In order to realize the embodiment, the application also provides a feed pump cavitation detection method.
FIG. 4 is a flow chart of a method for detecting cavitation of a feed water pump according to an embodiment of the present application.
As shown in fig. 4, the method comprises the steps of:
and S1, receiving acoustic signals of the water feeding pump, bearings at two ends of the water feeding pump and thermal signals of the water feeding pump, which are acquired by the sensor.

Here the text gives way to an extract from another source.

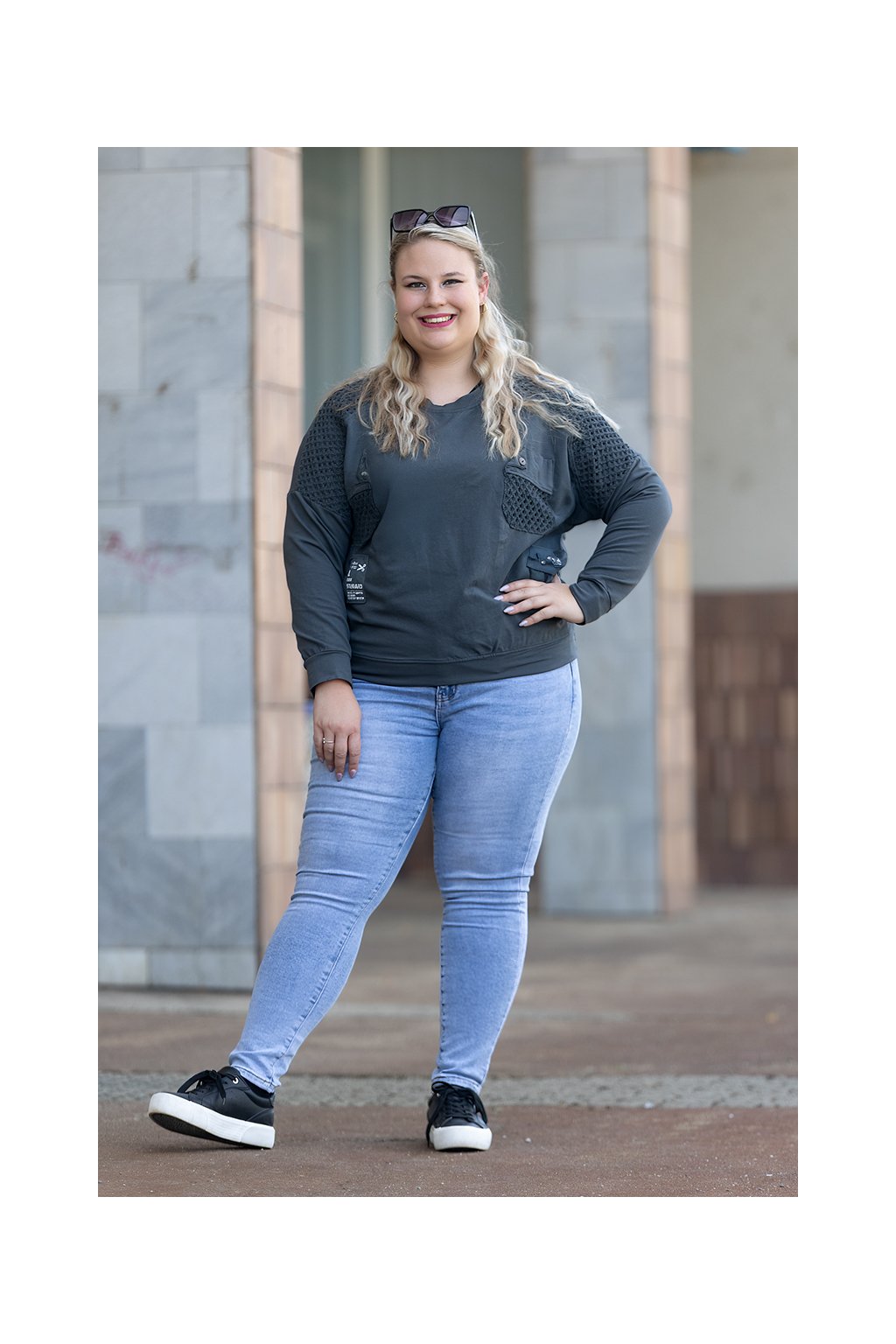 Tento model pro tebe nafotila naše Kristýnka, běžně nosí velikost XL/2XL a její míry najdeš zde.

Wherein, the sensor is arranged on the shell of the feed pump and the bearings at two ends in a patch mode. Particularly, a sound sensor is respectively arranged at the driving end and the non-driving end of the water feeding pump and used for detecting sound generated by two shaft ends of the water feeding pump in the running process, two sound sensors are symmetrically arranged on the outer shell of the water feeding pump and connected with the outer shell into a whole in a patch mode, and external noise can be shielded. The sensor is used for acquiring acoustic signals of the water feeding pump and bearings at two ends of the water feeding pump.

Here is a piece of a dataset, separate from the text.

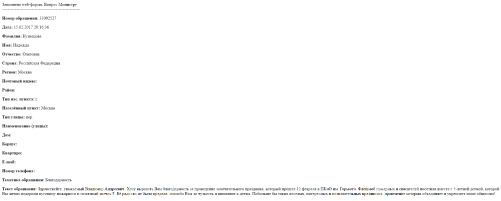 Здравствуйте, уважаемый Владимир Андреевич! Хочу выразить Вам благодарность за проведение замечательного праздника, который прошел 12 февраля в ПКиО им. Горького. Флешмоб пожарных и спасателей посетила вместе с 5-летней дочкой, которой Вы лично подарили пуговицу пожарного и памятный значок!!! Её радости не было предела, спасибо Вам за чуткость и внимание к детям. Побольше бы таких веселых, интересных и познавательных праздников, проведение которых объединяет и укрепляет наше общество!

In addition, other sensors are used for collecting thermal signals of the water feeding pump, such as inlet and outlet pressure signals, temperature signals and the like during operation of the water feeding pump.
And S2, processing the acoustic signals and extracting characteristic parameters.
Specifically, as shown in fig. 5, the method further includes the following steps:
and S21, converting the acoustic signal into a waveform signal.
And S22, performing framing processing on the waveform signal.
And S23, pre-emphasis processing is carried out on the waveform signal.
Based on the formulaPre-emphasis is performed on a waveform signal, and formula one:
Figure BDA0003596586690000081
where H (z) denotes, z denotes a pole,
Figure BDA0003596586690000082
represents a pre-emphasis coefficient, and
Figure BDA0003596586690000083
in this example
Figure BDA0003596586690000084
May be set to 0.97.
And S24, performing windowing operation on the waveform signal.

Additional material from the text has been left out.